Lesson Book 2 has many precious piano exercises designed to build a beginner’s technical competence in playing piano songs. Such as passing Finger 1 (thumb) under Finger 2 (index finger) and passing Finger 1 under Finger 3 (middle finger).
What I find most pleasurable about the piano book is that even for such basic and elementary exercises such as these, it comes with piano songs that are a joy to play while also serving to improve technique.
Let me offer an example, to develop the technique of passing Finger 1 under Finger 2, it has us playing ‘Light and Blue’ by Willard A. Palmer. A very jazzy song played in a moderate blues tempo. Executing the song, the hand rotates as if it was turning a door knob while producing the buoyant rhythm. Your body shall naturally sway from right to left dancing along to the motions of the hand. Songs such as this is sure to keep an inexperienced beginner engaged in piano studies.
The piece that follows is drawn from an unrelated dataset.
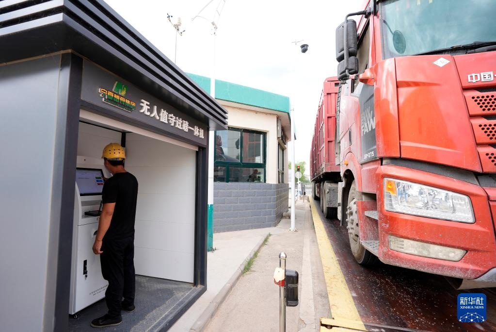 7月16日,交售粮食车辆在宁夏粮食集团银川滨河储备库进行无人值守过磅。

Strength and power in the fingers and accuracy are essential nescessities required to render a musical passage effectively on the piano. I have been lectured until she was blue in the face by my piano teacher to practise scales everyday for this very purpose.
To help her get the message across, she brought this piano book into class one day and showed me how to play the chromatic scale on page 34. The folk song on the following page that consists of a couple of bars with chromatic scales were a revelation to play – I discovered how a rather simple sequence of semitones could energize a phrase to create a wonderful melody, furthermore they build stamina in the fingers and sharpen the precision in striking a key.
I dread playing trills. ‘Venetian Boat Song’ by Mendelssohn and ‘Le Coucou’ by Daquin both have them. Though I eventually managed to play the piano songs well enough, it was only after weeks of intense practice just on the trills.
Practising Alfred’s Lesson Book 2 earlier would have eased the process a little bit. A chapter late in the piano book introduces students to the trill and has a priceless exercise left to us by the great Mozart himself.
The trill exercise was safeguarded by the maestro’s pupil Hummel, now passed down to the present generation of pianists to practise with. I think anybody can trill using fingers 2 and 3 with the right hand, but can you do it with fingers 4 and 5? How about with the left hand? The exercise is intended for the student to be able to trill with any finger variation using either hand.
Beside the technical exercises mentioned here, there are more wonderful songs in the piano book that allow you become familiar with the assortment of keys involved in piano playing, like the key of E minor or D major. While learning them it drills you to play scales and triads.
The book has benefited me greatly when I was a novice on the piano not just in improving technique but also in discovering the beauty of piano music, getting to know the history behind a composition and the storied life of its composer.